The study found that using blood-based measures instead of PET scans reduced the statistical “power” of the results. In lay terms, what does power mean and why is it important?
Hayes-Larson: “Power is the probability or chance that a study detects an effect when it really exists. As an example, if a particular exposure truly increases risk for Alzheimer’s pathology, a study with 90% power has a 90% chance of finding that the exposure increases risk. Conversely, 10% of the time, it will fail to detect the effect and wrongly conclude that the exposure has no significant effect. We want studies to be well powered (power of 80% or 90% are commonly used thresholds) so that we don’t miss important factors related to AD risk.”
Why does increasing the sample size help offset this reduction in power?
Hayes-Larson: “A study’s power depends on multiple things, and sample size is one of them. With more people in a sample, our estimates are more precise. When they are more precise, it is easier to conclude that an observed effect is statistically different from ‘no effect’.”
What are some other challenges/biases that arose when swapping PET scans for blood biomarkers?
Hayes-Larson: “When we studied how blood biomarkers relate to cognitive function, we found that the noisiness of blood biomarkers can make the connection between biomarkers and cognition look weaker than it really is. In other words, the results may underestimate the true relationship, not just make the estimates less precise.
Bigger picture: the blood biomarkers are not measuring the AD pathology burden directly in the brain. As a result, they are affected by other things such as liver and kidney function, and the literature is still evolving on the most appropriate ways to handle these factors.”
How might these results affect how Alzheimer’s researchers design future studies – does it give them additional factors to consider?

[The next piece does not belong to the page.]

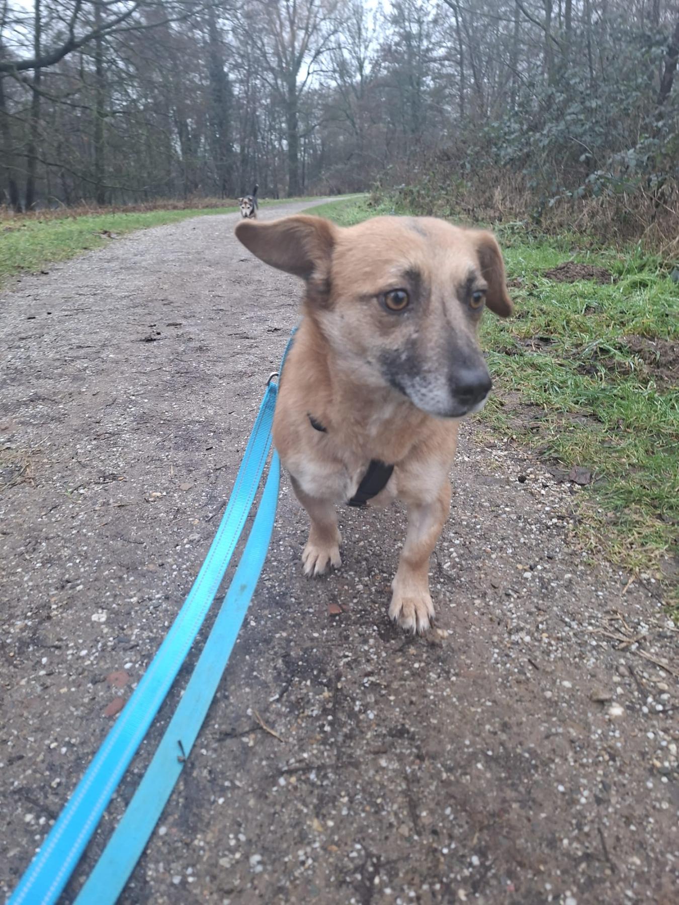 Spicy is een lieve, rustige hond die dol is op knuffelen, maar zich ook prima alleen kan vermaken in haar mandje. Ze kan goed omgaan met andere honden en speelt graag met hen.

Hayes-Larson: “I think it shows there are reasons researchers might want to consider collecting both types of measures on at least a subset of the study sample. The blood biomarkers are great for the reasons we discussed in terms of costs and logistics, but having even a small group where there is also a PET scan might be useful for validating or correcting the blood biomarker findings later.”
What’s next for this avenue of your research? Does this study prompt new questions or goals?
Hayes-Larson: “I’m working on an analysis of how these challenges affect studies trying to understand whether exposures that reduce cognition do so by influencing AD pathology burden. This is called a mediation analysis, and similar problems to those we describe may result in us missing or underestimating the ways that exposures become biologically embedded.”
The study was supported by National Institute on Aging grants R00AG073454, R01AG082730, R00AG075317, R13AG064971, and R01AG072681. Hayes-Larson’s coauthors included first author Sarah F. Ackley of Brown University; Renaud La Joie and Michelle Caunca of the University of California, San Francisco; and Shubhabrata Mukherjee, Seo-Eun Choi, Emily H. Trittschuh, and Paul K. Crane of the University of Washington.